TIMOPHEI NIZHEGORODTSEV: WE PROPOSE SOLUTIONS TO DETERMINE SUBSTITUTABILITY OF MEDICINES
Under FAS proposals, the work on substitutability of most medicines can be completed in 2019
Head of FAS Department for Control over Social Sphere and Trade, Timophei Nizhegorodtsev made a report on the difficulties of ascertaining substitutability. Speaking at the “Regulation in Healthcare: the Main Goals of the Pharmaceutical Industry” Forum, he reminded that the medicine registration principles are formalized in Russian law since 1998. Under these principles, reference medicine is equivalent to a generic and vice versa.
“Thus, if a medicine is registered as a generic, it has already proved its equivalence to the reference drug, it means that they are substitutes”, emphasized Timophei Nizhegorodtsev.
Medicine registered as generics can have only the same indications and counter-indications as the reference medicine.

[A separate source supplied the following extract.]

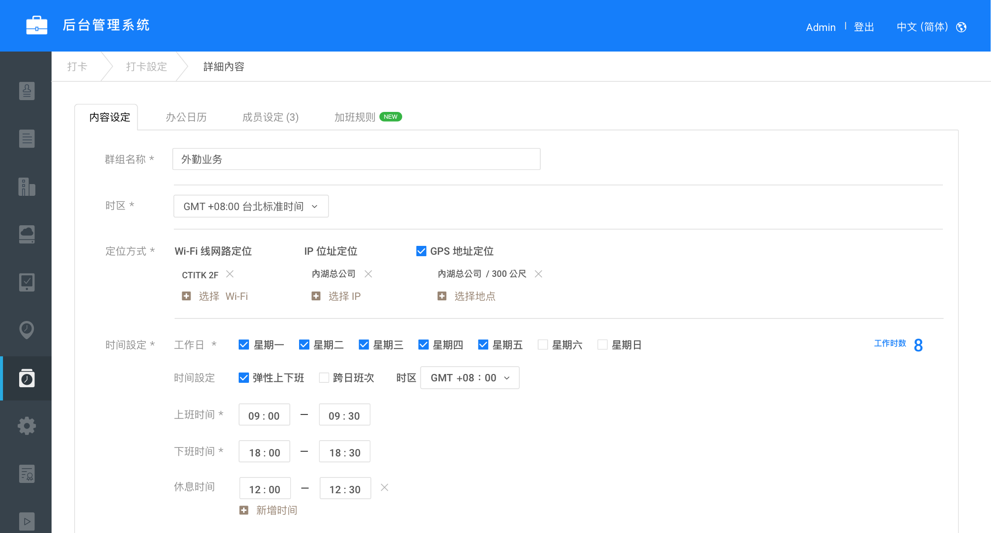 弹性设定考勤规则,相同人员设置同群组,便利资料统计与管理。

Additional indications must be confirmed by additional clinical trials.
He pointed out that in spite of the established procedure, there are other varieties of generics on the market. For each of those categories FAS proposes several steps to resolve disputes.
“Since medicine is registered in accordance with particular indications, circulates on the market during a long period, is proscribed and used, and the system of pharmaceutical control does not identify adverse effect of using it, we must take it into account. Effectively, use of medical medicine is some sort of a specific clinical trial”, explained Head of FAS Department for Control over Social Sphere and Trade.
Regarding generics registered in the absence of a reference medicine, that include, for example, absorbent carbon, water for injections, etc., FAS proposes to recognize their substitutability under the same international non-proprietary name with equivalent indications in view of comparability of dosage form and strength, and, if data in registration folders are insufficient request the necessary data form manufacturers and use them for sustainability.
Thus, for most medicine substitutability can be established following the main above-listed principles based on the findings of comparative research conducted when registering medicine.
“It is our understanding that the number of medicine, for which additional studies are necessary, will not be big and the work on determining substitutability for most medicine in line with the above principles can be completed during 2019“, said Head of FAS Department for Control over Social Sphere and Trade.
The event was organized by FAS and its Centre for Education and Methodics. It took place in Kazan on 3 October.